Looks great keep up the great work


----------



## Dado (Nov 24, 2010)

Westcoastdon530 said:


> the body line on that camery doesn't look straight but still good work


Same thing I saw, that wouldn't make it at my work, but you get what you pay for and for someone looking for a low cost job you wont find much better for the money


----------



## USO562 (Nov 14, 2006)

:inout:


----------



## one2nv (Oct 14, 2004)

update on 209rider's truck


----------



## one2nv (Oct 14, 2004)

*Maaco Fremont 510-745-9770 209rider's Chevy truck*

update on 209rider's truck


----------



## clutch1 (Jun 9, 2010)

Dam how long does it take you guys to paint a car?


----------



## one2nv (Oct 14, 2004)

*not long*

we paint 5 to 6 cars a day with only one painter from 8am to 4:30pm 
on this truck we are doing a spray in bed liner and body work it will be finished by next week :thumbsup:


----------



## Westcoastdon530 (Nov 30, 2008)

lacwood said:


> Same thing I saw, that wouldn't make it at my work, but you get what you pay for and for someone looking for a low cost job you wont find much better for the money


exactly im going to school for collision repair and if i showed him that work he would have said "what the hell is this! go fix that"


----------



## one2nv (Oct 14, 2004)

the dealer only wanted us to paint over the damage not fix it we talked them into 2.5 hrs to make it look decent at least but not perfect


----------



## 209rider (Apr 14, 2007)

So any progress on the truck


----------



## one2nv (Oct 14, 2004)

Here are some pics of 209riders truck complete with spray in bedliner


----------



## one2nv (Oct 14, 2004)

*Maaco Fremont 510-745-9770 209rider's Chevy truck*

Here are some pics of 209riders truck complete with spray in bedliner


----------



## one2nv (Oct 14, 2004)

Now it just needs some wheels


----------



## 209rider (Apr 14, 2007)

Looks great o ya need the wheels


----------



## one2nv (Oct 14, 2004)

What size wheels are you going to put on?


----------



## jumper (Jan 21, 2002)

looking good


----------



## 209rider (Apr 14, 2007)

Maybe a 2-4 with some 20 on it who knows I don't drive it I have had it for 5 years and only put 1000 miles on it lol


----------



## 909cHEx909 (Jul 7, 2011)

Bed liner looks poorly done..heres one I did


----------



## thesnowgod (Mar 2, 2012)

Surprised at some of the people complaining. From what I've heard and read about Maaco, those are some DAMN good results!
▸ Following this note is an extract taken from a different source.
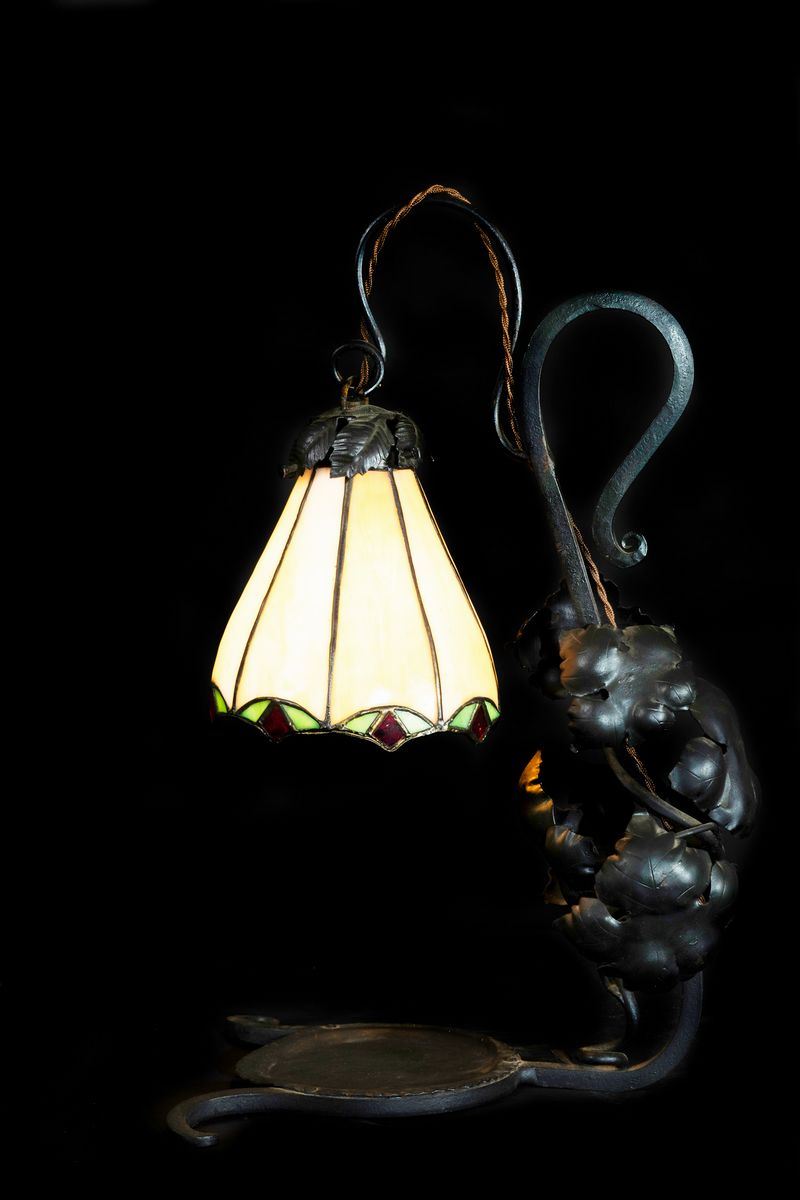 Lampada da tavolo in ferro forgiato con diffusore in vetro piombato.
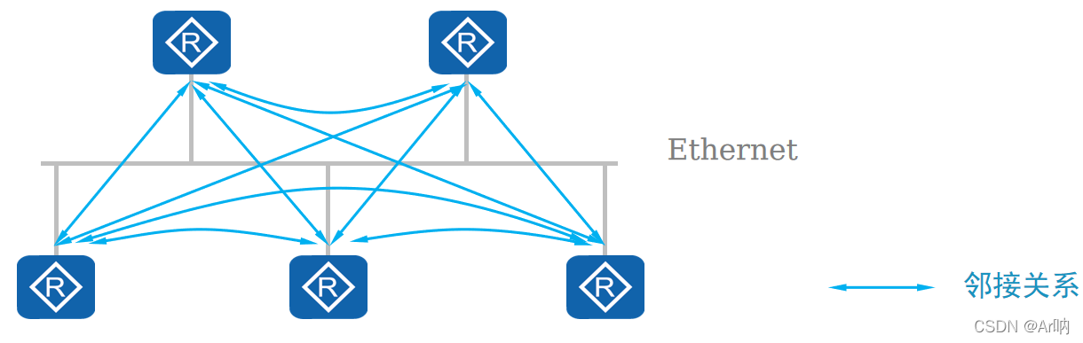 如果MA网络中每个OSPF路由器都靠近所有其他路由器,这可能导致OSPF在网络中过于接近,设备负荷增加,以及OSPF洪水报告在网络中增加。

They aren't doing $5,000-10,000 restorations. They are sub-$500 paintjobs and cranking out 5 or 6 per day. Based on those pics I'd say that's damn good work. Is is basecoat/clearcoat or single stage? I just can't figure out at those prices, even with volume work, how you guys are turning a profit. Whatevr you're doing, keep it up!


----------



## The shop (Oct 16, 2011)

thesnowgod said:


> Surprised at some of the people complaining. From what I've heard and read about Maaco, those are some DAMN good results!
> 
> They aren't doing $5,000-10,000 restorations. They are sub-$500 paintjobs and cranking out 5 or 6 per day. Based on those pics I'd say that's damn good work. Is is basecoat/clearcoat or single stage? I just can't figure out at those prices, even with volume work, how you guys are turning a profit. Whatevr you're doing, keep it up!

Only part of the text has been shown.